Дядя Эдвард, который из сладострастного вожделения к метафизическому ознобу позволил отцу Бруно приступить к поэтапному разбору своего запутанного естества и постепенно расчленить свою сложную личность на элементы, сделать себя в обескураживающей степени бестелесным, свести до голого принципа молоточка Нефа. Всю жизнь остававшийся образцовым мужем и отцом, человеком дела, дядя без колебаний согласился на постепенную редукцию своих качеств с целью высвобождения своей глубинной сути. Отец, сообщает Бруно, сократил дядю до необходимого минимума и присоединил его – или, лучше сказать, лейтмотив его существования – к электрическому звонку, базирующемуся на открытии Нефа. С тех пор дядя обрел простое беззаботное бессмертие и функционировал отменно и безотказно: даже тетя Тереза, его жена, не могла удержаться, чтобы время от времени не надавить кнопку, дабы услышать громкий и требовательный дребезг, в котором с радостью узнавала отзвук его прежнего голоса, когда он в минуту раздражения выходил из себя…

Городская дурочка Тлуя, проживающая на свалке, полуголая темная идиотка. Заросшая чертополохом свалка – источник женской языческой сущности, распутной похоти, извращенной плодовитости.

Или дядя Иеронимус, получивший полное освобождение от всех житейских обязанностей в тот момент, когда провидение милостиво изъяло из его рук кормило сбившегося с курса и севшего на мель семейного корабля, и навсегда укрывшийся с тетей Ретицией в маленьком дачном домике, где он ведет нескончаемую и исполненную драматического накала борьбу с огромным могучим львом, безжалостно пригвожденным к гобелену в супружеской спальне.

Все, все.

В тысяча девятьсот сорок первом немцы вступили в город Дрогобыч. Бруно пришлось покинуть свой дом и переселиться на улицу Столярскую. По приказу властей он, до предела истощенный и морально, и физически, размалевывал широкие стены Школы конного спорта и занимался составлением каталога книг, конфискованных оккупантами. И, не смея отказаться от такой «чести», вынужден был пойти в «домашние евреи» к безраздельному господину Дрогобыча, шефу местного гестапо Феликсу Ландау. Посещал виллу палача, писал для него семейные портреты и расписывал детскую комнату – да, у чудовища были дети: мальчик и девочка.

Их отец имел обыкновение развлекаться тем, что постреливал из окон своей виллы в проходивших по улице евреев. И вот однажды, играючи так, пристрелил другого «домашнего еврея», дантиста, принадлежавшего офицеру СС Карлу Гюнтеру. Карл Гюнтер затаил на разгулявшегося начальника обиду и, как утверждает молва, поклялся отомстить…

Ты со мной, я знаю: поверхность воды на мгновение застыла, окаменела. Две чайки столкнулись со стеклянным звоном.

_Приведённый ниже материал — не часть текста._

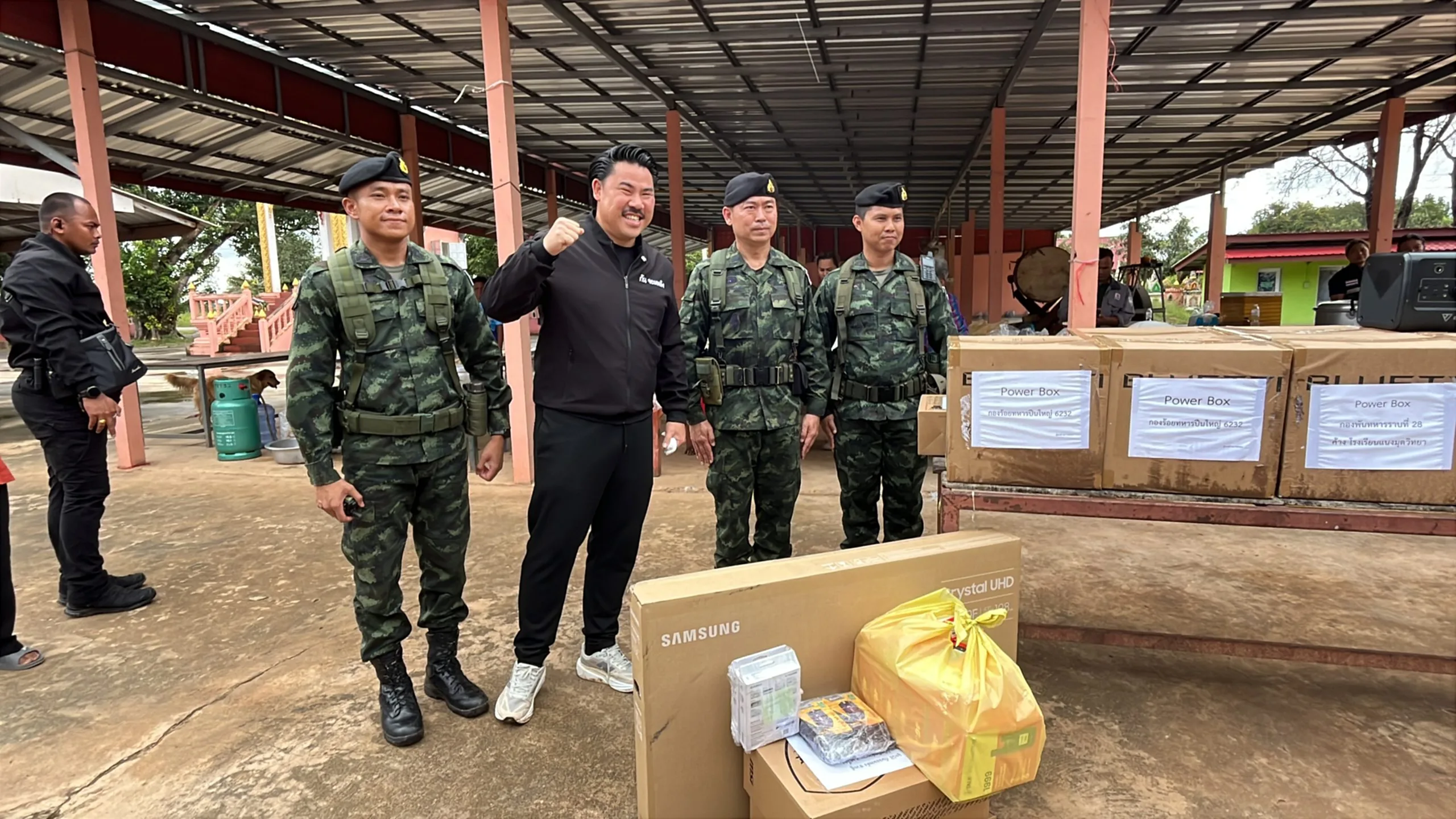 วันที่ 14 ต.ค. 68 เวลา14.00 น.ที่วัดบ้านพรานหนองคันนาราฎร์บำรุง ต.ตาเมียง อ.พนมดงรัก จ.สุรินทร์  กัน จอมพลัง ได้มอบสิ่งของให้ทหาร และชุด ชรบ.บ้านพนมดิน หมู่ 3 ตำบลตาเมียง อำเภอพนมดงรัก จังหวัดสุรินทร์ อาทิ พาวเวอร์บ็อกซ์ อุปกรณ์ช่วยเล็ง อุปกรณ์คำนวนการเล็ง  อุปกรณ์ช่วยมองช่วยดู และทีวีมอนิเตอร์ เครื่องที่สำคัญของ จนท.ทหารต่างๆ

«Если он убил моего еврея, – сказал раздосадованный Гюнтер, – то и я убью его еврея». И действительно, девятнадцатого ноября тысяча девятьсот сорок второго года, в «черный четверг» Дрогобыча, Карл Гюнтер выследил Бруно Шульца на улице Мицкевича и в упор расстрелял двумя выстрелами в голову.

Это показания очевидцев.

Я сделал тебе больно, я знаю. Я и себе постоянно причиняю боль этими словами.

Но ты все-таки слушай. Тем более что я собираюсь поговорить теперь о других вещах. Сменить тему. Чтобы не причинять друг другу боли. Слишком сильной боли. Есть кое-что, о чем я обязан рассказать тебе. Слушай.

После того как дедушка Аншел пропал, я в течение многих лет продолжал слышать его голос: невыносимое тягучее подвывание, с которым он твердил какую-то историю своему немцу. До того как поехать в Польшу, я дважды или трижды садился за стол с намереньем записать его рассказ. И не сумел. Постепенно во мне скопилось море отчаяния, досады и злости на себя и тоски по нему, несчастному обезумевшему старику, годами крутящемуся внутри закупоренного сосуда, корабля призраков, отбрасываемого от любого берега, а я, единственный, кто может спасти его, вызволить заключенную в темницу повесть, не знаю, как это сделать, не отваживаюсь разбить оковы.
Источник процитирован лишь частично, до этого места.